What To Remember When Writing A Vision Statement

















Visions that only taste of hopes and dreams
are sweet but unsustainable.
Visions that nourish are salty
with tears of loss,
spiced with a raw accounting
of our failures,
leavened with the honest embrace
of wounds and disabilities.
Refine your skills
not in blind confidence
but mindfulness of mutual frailty.
Honor mistakes:
they discover new paths.
The blossom whose perfection
takes your breath away
grows in stuff you wouldn't name.
What you refuse to put your arms around
returns to embrace you.
Kiss the dying.
Cradle the old and useless:
they give birth.
No hug is wasted.
Your mother's warmth is still here.
Never be afraid to say
with the reverence of a prayer,
'I don't know.'
Rooted in vulnerability,
you won't be felled by a sudden storm.
Have mercy on your genius:
restless, seasonal, bipolar,
it seldom dwells in equanimity.
Genius is native to cracks
and craggy places,
surging toward brilliance, then
falling back into the dark
like a wild blue aster in an alpine meadow.
The Spirit's mysterious hand
works not so well through angels' wings
as through these chance mutations in the mere
and daily unmiraculous task
of being human.

1 comment:

Colleen Loehr said...

This post speaks to me because I feel it is so valuable to honor our brokenness and pain. There is often a split between our self-assessment and the face we present to the world (I was reading about this in a book called The Great Undoing by Stuart Schwartz). This duplicity erodes away at our sense of integrity. We all suffer from this to one extent or another, and I don't mean to suggest there is shame in this. The tendency toward self-protection by putting our best-face-forward is deeply entrenched and perhaps necessary to some extent for our survival as social creatures.

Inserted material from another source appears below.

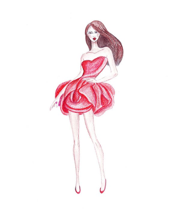 Mode Femme Dessin Mode Art Illustration Mode Dessin Crayons Etsy
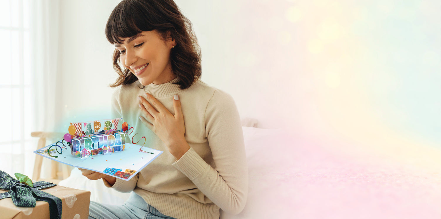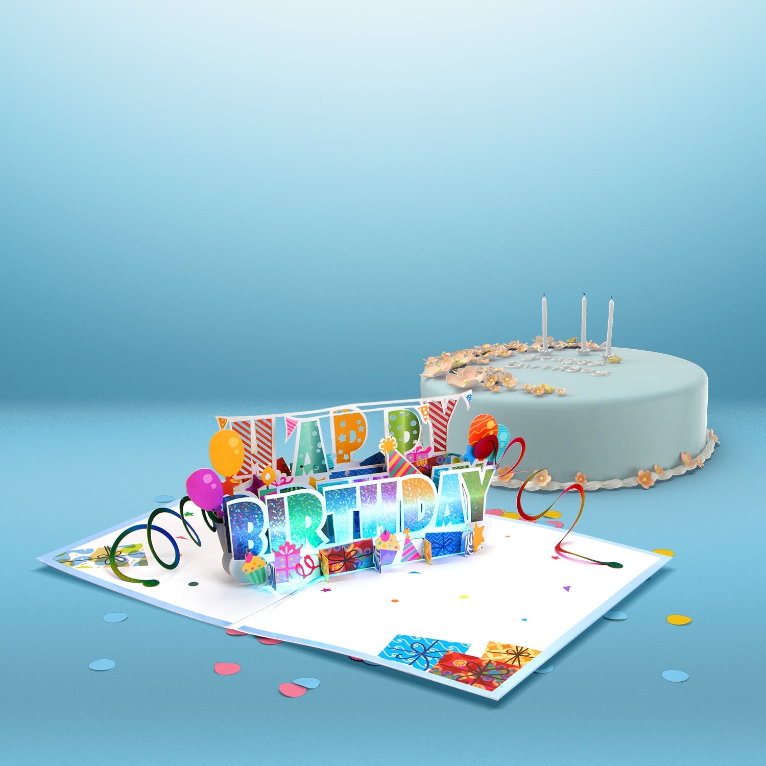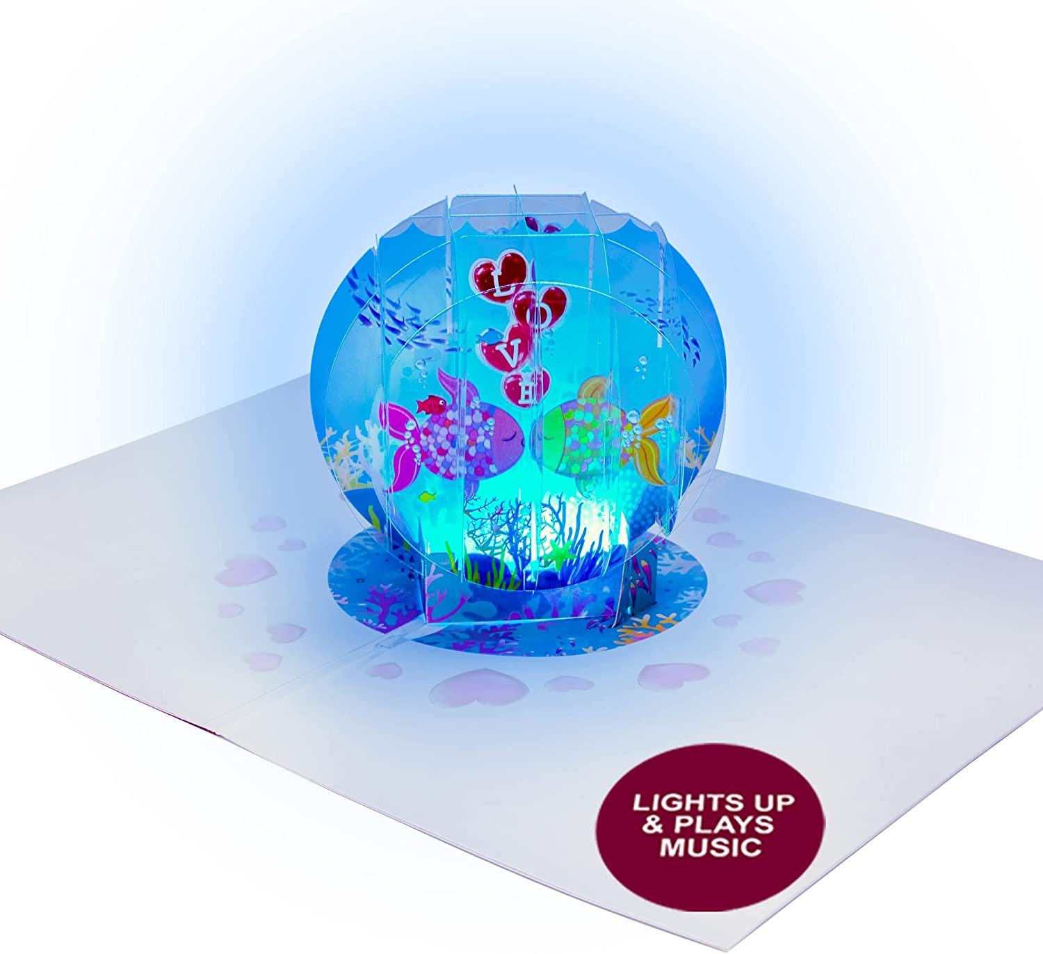 ★ ★ ★ ★ ★From soup to nuts, from A-Z, this is a 5-star rated card with quick delivery! Quality materials including the oversized envelope to fit the 3-D card and even has peel & stick instead of lick & stick! Great quote! Great song! Great workmanship with pop-up and light-up! Would buy from 100 Greetings again!

But I find your post deeply healing because to me it says that our vulnerability, our woundedness, even our over-sensitive egos, and all the shameful feelings we hide, have their place and are to be acknowledged and honored. We don't need to be split into "good guys" and "bad guys", as the outer world mirrors our inner dividedness. We don't need to be split into "I am together" or "I am neurotic", we are all all of it. Thank you for your healing words.